[About this task]:
Every entry should be repeated exactly. Omit the pictures.

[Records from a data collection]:
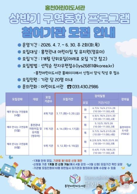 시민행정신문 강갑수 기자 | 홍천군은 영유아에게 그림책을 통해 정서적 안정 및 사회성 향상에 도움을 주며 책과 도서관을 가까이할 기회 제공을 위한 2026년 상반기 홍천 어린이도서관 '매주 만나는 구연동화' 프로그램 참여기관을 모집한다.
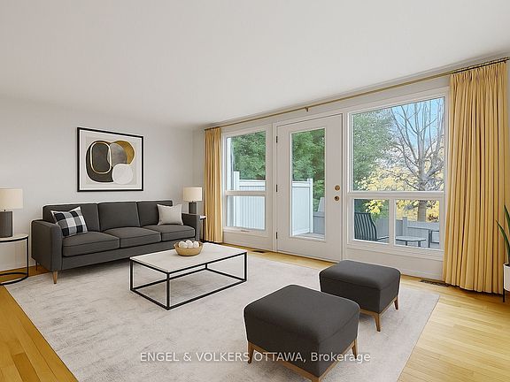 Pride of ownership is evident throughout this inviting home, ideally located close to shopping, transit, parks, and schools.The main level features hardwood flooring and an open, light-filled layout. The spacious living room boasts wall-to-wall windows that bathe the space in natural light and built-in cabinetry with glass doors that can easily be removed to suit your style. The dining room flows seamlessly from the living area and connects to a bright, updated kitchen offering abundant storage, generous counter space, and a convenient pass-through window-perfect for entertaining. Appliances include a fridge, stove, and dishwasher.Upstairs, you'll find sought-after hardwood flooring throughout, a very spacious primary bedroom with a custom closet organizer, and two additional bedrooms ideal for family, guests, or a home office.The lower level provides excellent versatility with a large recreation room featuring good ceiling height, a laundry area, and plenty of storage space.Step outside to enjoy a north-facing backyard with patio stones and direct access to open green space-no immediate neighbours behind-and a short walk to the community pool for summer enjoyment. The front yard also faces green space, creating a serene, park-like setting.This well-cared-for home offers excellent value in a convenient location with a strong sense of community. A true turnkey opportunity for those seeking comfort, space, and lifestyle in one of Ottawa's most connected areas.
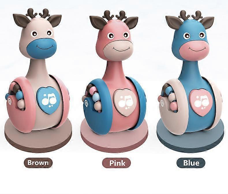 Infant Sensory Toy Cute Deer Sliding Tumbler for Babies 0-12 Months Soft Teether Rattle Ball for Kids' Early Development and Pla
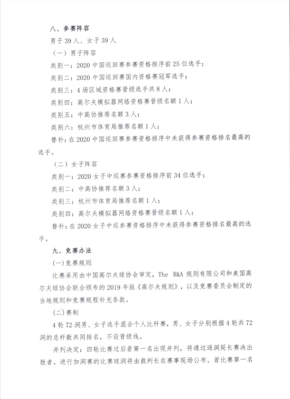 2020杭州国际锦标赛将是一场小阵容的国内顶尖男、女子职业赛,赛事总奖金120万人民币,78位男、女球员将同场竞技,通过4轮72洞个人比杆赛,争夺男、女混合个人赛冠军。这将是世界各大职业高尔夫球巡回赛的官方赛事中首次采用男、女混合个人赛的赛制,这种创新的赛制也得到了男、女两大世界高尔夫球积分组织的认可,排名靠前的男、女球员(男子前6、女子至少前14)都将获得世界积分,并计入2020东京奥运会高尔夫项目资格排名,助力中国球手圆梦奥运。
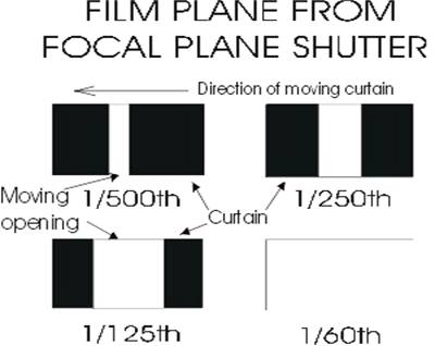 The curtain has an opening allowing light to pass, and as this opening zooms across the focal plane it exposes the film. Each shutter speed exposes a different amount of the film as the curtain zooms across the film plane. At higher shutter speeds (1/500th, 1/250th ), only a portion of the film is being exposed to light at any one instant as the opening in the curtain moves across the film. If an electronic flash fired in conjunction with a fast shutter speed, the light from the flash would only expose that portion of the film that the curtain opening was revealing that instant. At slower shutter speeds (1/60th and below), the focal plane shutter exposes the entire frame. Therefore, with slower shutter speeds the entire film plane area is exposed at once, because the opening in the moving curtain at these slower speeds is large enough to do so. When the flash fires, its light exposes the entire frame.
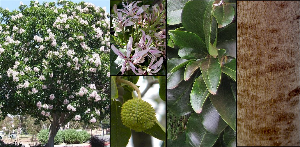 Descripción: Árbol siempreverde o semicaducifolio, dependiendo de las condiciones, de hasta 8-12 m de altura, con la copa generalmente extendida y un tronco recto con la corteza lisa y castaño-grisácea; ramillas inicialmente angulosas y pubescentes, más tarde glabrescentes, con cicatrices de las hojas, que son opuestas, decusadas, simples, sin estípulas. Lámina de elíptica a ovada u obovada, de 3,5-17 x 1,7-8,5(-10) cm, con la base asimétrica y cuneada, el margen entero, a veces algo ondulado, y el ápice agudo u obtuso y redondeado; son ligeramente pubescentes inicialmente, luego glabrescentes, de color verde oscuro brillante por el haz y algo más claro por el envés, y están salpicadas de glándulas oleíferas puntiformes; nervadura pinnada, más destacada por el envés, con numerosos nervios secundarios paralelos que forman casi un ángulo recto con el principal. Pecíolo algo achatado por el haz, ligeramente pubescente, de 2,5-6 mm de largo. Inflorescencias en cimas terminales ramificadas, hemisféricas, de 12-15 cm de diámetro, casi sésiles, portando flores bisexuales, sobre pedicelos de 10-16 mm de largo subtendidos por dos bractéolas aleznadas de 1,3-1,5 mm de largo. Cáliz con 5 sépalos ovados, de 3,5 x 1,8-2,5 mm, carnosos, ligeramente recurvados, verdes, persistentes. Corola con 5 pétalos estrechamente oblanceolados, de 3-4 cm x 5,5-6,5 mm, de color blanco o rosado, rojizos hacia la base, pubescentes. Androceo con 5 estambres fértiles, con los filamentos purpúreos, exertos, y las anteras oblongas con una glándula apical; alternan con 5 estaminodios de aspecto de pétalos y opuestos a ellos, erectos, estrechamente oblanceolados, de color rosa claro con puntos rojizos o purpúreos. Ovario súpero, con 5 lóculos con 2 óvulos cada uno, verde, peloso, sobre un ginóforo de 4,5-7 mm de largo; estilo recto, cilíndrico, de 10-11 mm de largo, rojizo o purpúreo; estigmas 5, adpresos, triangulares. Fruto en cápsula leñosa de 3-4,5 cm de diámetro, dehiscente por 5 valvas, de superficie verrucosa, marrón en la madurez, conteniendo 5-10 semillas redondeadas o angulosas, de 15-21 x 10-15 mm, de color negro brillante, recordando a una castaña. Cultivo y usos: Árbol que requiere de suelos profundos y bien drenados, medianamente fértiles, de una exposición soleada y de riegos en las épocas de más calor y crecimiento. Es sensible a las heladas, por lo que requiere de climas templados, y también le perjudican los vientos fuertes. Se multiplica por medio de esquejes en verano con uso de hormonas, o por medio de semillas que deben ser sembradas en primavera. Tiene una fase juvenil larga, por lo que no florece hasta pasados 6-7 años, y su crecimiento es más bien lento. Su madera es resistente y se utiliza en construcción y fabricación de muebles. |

[Exercise solution]:
 시민행정신문 강갑수 기자 | 홍천군은 영유아에게 그림책을 통해 정서적 안정 및 사회성 향상에 도움을 주며 책과 도서관을 가까이할 기회 제공을 위한 2026년 상반기 홍천 어린이도서관 '매주 만나는 구연동화' 프로그램 참여기관을 모집한다.
 Pride of ownership is evident throughout this inviting home, ideally located close to shopping, transit, parks, and schools.The main level features hardwood flooring and an open, light-filled layout. The spacious living room boasts wall-to-wall windows that bathe the space in natural light and built-in cabinetry with glass doors that can easily be removed to suit your style. The dining room flows seamlessly from the living area and connects to a bright, updated kitchen offering abundant storage, generous counter space, and a convenient pass-through window-perfect for entertaining. Appliances include a fridge, stove, and dishwasher.Upstairs, you'll find sought-after hardwood flooring throughout, a very spacious primary bedroom with a custom closet organizer, and two additional bedrooms ideal for family, guests, or a home office.The lower level provides excellent versatility with a large recreation room featuring good ceiling height, a laundry area, and plenty of storage space.Step outside to enjoy a north-facing backyard with patio stones and direct access to open green space-no immediate neighbours behind-and a short walk to the community pool for summer enjoyment. The front yard also faces green space, creating a serene, park-like setting.This well-cared-for home offers excellent value in a convenient location with a strong sense of community. A true turnkey opportunity for those seeking comfort, space, and lifestyle in one of Ottawa's most connected areas.
 Infant Sensory Toy Cute Deer Sliding Tumbler for Babies 0-12 Months Soft Teether Rattle Ball for Kids' Early Development and Pla
 2020杭州国际锦标赛将是一场小阵容的国内顶尖男、女子职业赛,赛事总奖金120万人民币,78位男、女球员将同场竞技,通过4轮72洞个人比杆赛,争夺男、女混合个人赛冠军。这将是世界各大职业高尔夫球巡回赛的官方赛事中首次采用男、女混合个人赛的赛制,这种创新的赛制也得到了男、女两大世界高尔夫球积分组织的认可,排名靠前的男、女球员(男子前6、女子至少前14)都将获得世界积分,并计入2020东京奥运会高尔夫项目资格排名,助力中国球手圆梦奥运。
 The curtain has an opening allowing light to pass, and as this opening zooms across the focal plane it exposes the film. Each shutter speed exposes a different amount of the film as the curtain zooms across the film plane. At higher shutter speeds (1/500th, 1/250th ), only a portion of the film is being exposed to light at any one instant as the opening in the curtain moves across the film. If an electronic flash fired in conjunction with a fast shutter speed, the light from the flash would only expose that portion of the film that the curtain opening was revealing that instant. At slower shutter speeds (1/60th and below), the focal plane shutter exposes the entire frame. Therefore, with slower shutter speeds the entire film plane area is exposed at once, because the opening in the moving curtain at these slower speeds is large enough to do so. When the flash fires, its light exposes the entire frame.
 Descripción: Árbol siempreverde o semicaducifolio, dependiendo de las condiciones, de hasta 8-12 m de altura, con la copa generalmente extendida y un tronco recto con la corteza lisa y castaño-grisácea; ramillas inicialmente angulosas y pubescentes, más tarde glabrescentes, con cicatrices de las hojas, que son opuestas, decusadas, simples, sin estípulas. Lámina de elíptica a ovada u obovada, de 3,5-17 x 1,7-8,5(-10) cm, con la base asimétrica y cuneada, el margen entero, a veces algo ondulado, y el ápice agudo u obtuso y redondeado; son ligeramente pubescentes inicialmente, luego glabrescentes, de color verde oscuro brillante por el haz y algo más claro por el envés, y están salpicadas de glándulas oleíferas puntiformes; nervadura pinnada, más destacada por el envés, con numerosos nervios secundarios paralelos que forman casi un ángulo recto con el principal. Pecíolo algo achatado por el haz, ligeramente pubescente, de 2,5-6 mm de largo. Inflorescencias en cimas terminales ramificadas, hemisféricas, de 12-15 cm de diámetro, casi sésiles, portando flores bisexuales, sobre pedicelos de 10-16 mm de largo subtendidos por dos bractéolas aleznadas de 1,3-1,5 mm de largo. Cáliz con 5 sépalos ovados, de 3,5 x 1,8-2,5 mm, carnosos, ligeramente recurvados, verdes, persistentes. Corola con 5 pétalos estrechamente oblanceolados, de 3-4 cm x 5,5-6,5 mm, de color blanco o rosado, rojizos hacia la base, pubescentes. Androceo con 5 estambres fértiles, con los filamentos purpúreos, exertos, y las anteras oblongas con una glándula apical; alternan con 5 estaminodios de aspecto de pétalos y opuestos a ellos, erectos, estrechamente oblanceolados, de color rosa claro con puntos rojizos o purpúreos. Ovario súpero, con 5 lóculos con 2 óvulos cada uno, verde, peloso, sobre un ginóforo de 4,5-7 mm de largo; estilo recto, cilíndrico, de 10-11 mm de largo, rojizo o purpúreo; estigmas 5, adpresos, triangulares. Fruto en cápsula leñosa de 3-4,5 cm de diámetro, dehiscente por 5 valvas, de superficie verrucosa, marrón en la madurez, conteniendo 5-10 semillas redondeadas o angulosas, de 15-21 x 10-15 mm, de color negro brillante, recordando a una castaña. Cultivo y usos: Árbol que requiere de suelos profundos y bien drenados, medianamente fértiles, de una exposición soleada y de riegos en las épocas de más calor y crecimiento. Es sensible a las heladas, por lo que requiere de climas templados, y también le perjudican los vientos fuertes. Se multiplica por medio de esquejes en verano con uso de hormonas, o por medio de semillas que deben ser sembradas en primavera. Tiene una fase juvenil larga, por lo que no florece hasta pasados 6-7 años, y su crecimiento es más bien lento. Su madera es resistente y se utiliza en construcción y fabricación de muebles. |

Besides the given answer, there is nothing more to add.